In R, our Boolean type can actually have three values, true
, false
, and na
, and we represent this using an int
at the C level.
I'm looking into a vectorized &&
operation (yes, we have this in R already, but bear with me) that also handles the na
case. The scalar results would look like this:
F && F == F
F && T == F
F && N == F
T && F == F
T && T == T
T && N == N
N && F == F
N && T == N
N && N == N
Note that it works like &&
in C, except that na
values propagate when combined with anything except false
, in which case we "know" that &&
can never be true, so we return false
.
Now to the implementation. Assume we have two vectors, v_out
and v_x
, and we'd like to perform the vectorized &&
on them. We are allowed to overwrite v_out
with the result. One option is:
// Option 1
for (int i = 0; i < size; ++i) {
int elt_out = v_out[i];
int elt_x = v_x[i];
if (elt_out == 0) {
// Done
} else if (elt_x == 0) {
v_out[i] = 0;
} else if (elt_out == na) {
// Done
} else if (elt_x == na) {
v_out[i] = na;
}
}
And another option is:
// Option 2
for (int i = 0; i < size; ++i) {
int elt_out = v_out[i];
if (elt_out == 0) {
continue;
}
int elt_x = v_x[i];
if (elt_x == 0) {
v_out[i] = 0;
} else if (elt_out == na) {
// Done
} else if (elt_x == na) {
v_out[i] = na;
}
}
I sort of expected the second option to be faster, because it avoids accessing v_x[i]
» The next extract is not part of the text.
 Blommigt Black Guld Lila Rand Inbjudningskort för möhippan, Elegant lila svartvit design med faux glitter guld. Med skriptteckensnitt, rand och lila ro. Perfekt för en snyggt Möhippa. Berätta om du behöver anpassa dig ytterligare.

when it isn't required. But in fact it was twice as slow when compiled with -O2
!
In the following script, I get the following timing results. Note that I am on a Mac and compile with Clang.
It seems reasonable with O0. They are about the same.
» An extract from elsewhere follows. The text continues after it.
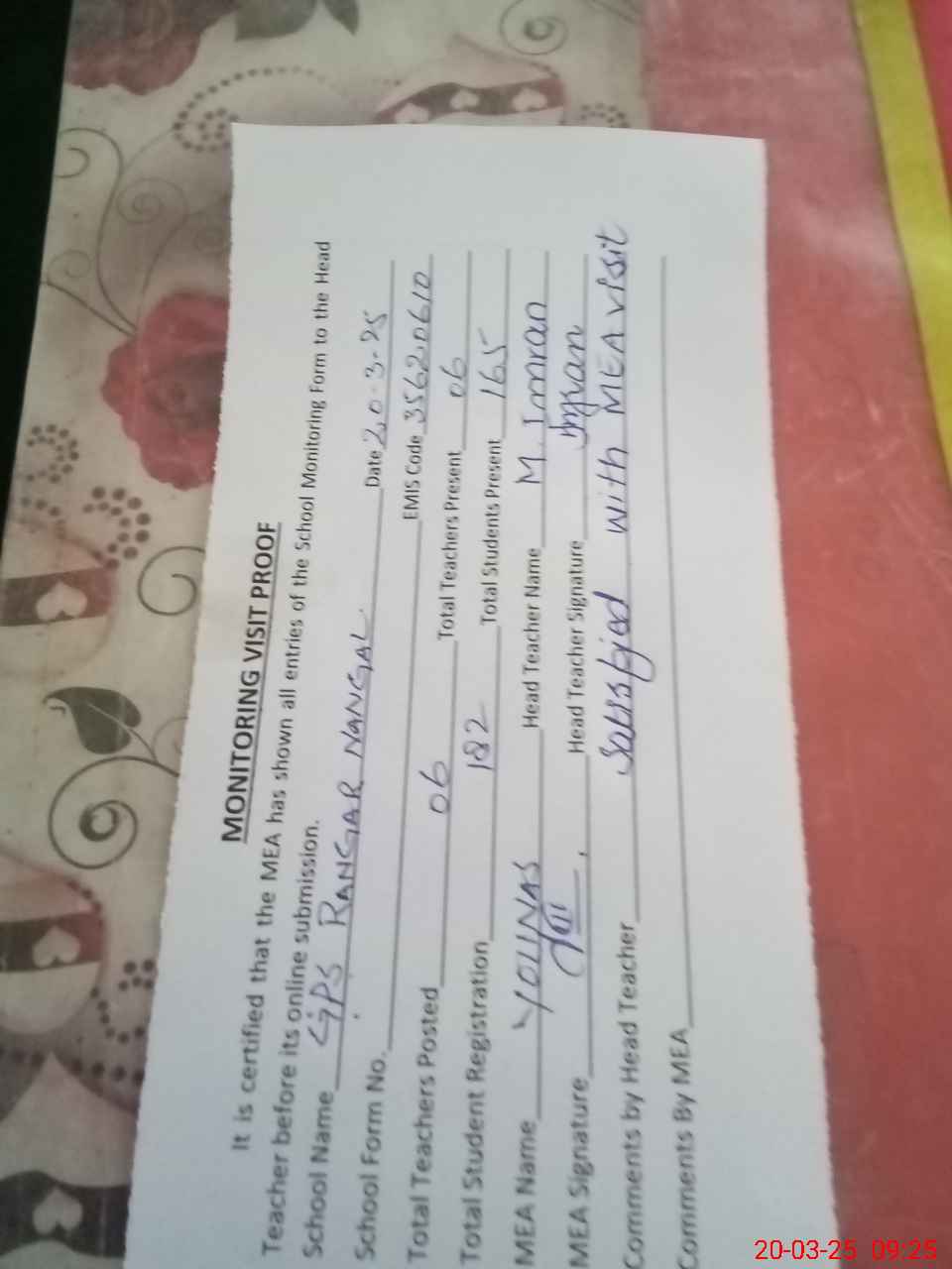 | EMIS Code: 35620610 | Name of School: GPS RANGAR NANGAL | |||

2x faster with O2 with Option 1!
Option 1, `clang -O0`
0.110560
Option 2, `clang -O0`
0.107710
Option 1, `clang -O2`
0.032223
Option 2, `clang -O2`
0.070557
What is going on here? My best guess is that it has something to do with the fact that in Option 1 v_x[i]
is always being accessed linearly, which is extremely fast. But in Option 2, v_x[i]
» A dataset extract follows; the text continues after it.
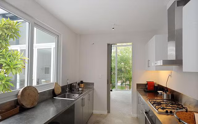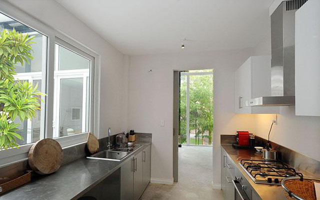 Phòng bếp đơn giản nhưng đầy đủ tiện nghi với 2 phần sân bên hông và đằng sau đảm bảo không khí lưu thông và không thiếu ánh sáng tự nhiên.

is essentially being accessed randomly (sort of), because it might access v_x[10]
, but then not need another element from v_x
until v_x[120]
, and because that access isn't linear, it is probably much slower.
Reproducible script:
#include <stdlib.h>
#include <stdio.h>
#include <limits.h>
#include <time.h>
int main() {
srand(123);
int size = 1e7;
int na = INT_MIN;
int* v_out = (int*) malloc(size * sizeof(int));
int* v_x = (int*) malloc(size * sizeof(int));
// Generate random numbers between 1-3
// 1 -> false
// 2 -> true
// 3 -> na
for (int i = 0; i < size; ++i) {
int elt_out = rand() % 3 + 1;
if (elt_out == 1) {
v_out[i] = 0;
} else if (elt_out == 2) {
v_out[i] = 1;
} else {
v_out[i] = na;
}
int elt_x = rand() % 3 + 1;
if (elt_x == 1) {
v_x[i] = 0;
} else if (elt_x == 2) {
v_x[i] = 1;
} else {
v_x[i] = na;
}
}
clock_t start = clock();
// Option 1
for (int i = 0; i < size; ++i) {
int elt_out = v_out[i];
int elt_x = v_x[i];
if (elt_out == 0) {
// Done
} else if (elt_x == 0) {
v_out[i] = 0;
} else if (elt_out == na) {
// Done
} else if (elt_x == na) {
v_out[i] = na;
}
}
// // Option 2
// for (int i = 0; i < size; ++i) {
// int elt_out = v_out[i];
//
// if (elt_out == 0) {
// continue;
// }
//
// int elt_x = v_x[i];
//
// if (elt_x == 0) {
// v_out[i] = 0;
// } else if (elt_out == na) {
// // Done
// } else if (elt_x == na) {
// v_out[i] = na;
// }
// }
clock_t end = clock();
double time = (double) (end - start) / CLOCKS_PER_SEC;
free(v_out);
free(v_x);
printf("%f\n", time);
return 0;
}
Based on a few questions in the comments, here are a few points of clarifications for future readers:
I am on a 2018 15-inch MacBook Pro with a 2.9 GHz 6-core Intel i9-8950HK (6 core Coffee Lake.)
My particular Clang version that I tested with is
Apple clang version 13.1.6 (clang-1316.0.21.2.5)
withTarget: x86_64-apple-darwin21.6.0
I am restricted by R to use
int
as the data type (even though there are more efficient options) and the following coding:false = 0
,true = 1
,na = INT_MIN
. The reproducible example that I provided respects this.The original question was not actually a request to make the code run faster. I just wanted to get an idea of what the difference was between my two if/else approaches. That said, some answers have shown that branchless approaches can be much faster, and I really appreciate the explanations that those users have provided! That has greatly influenced the final version of the implementation I am working on.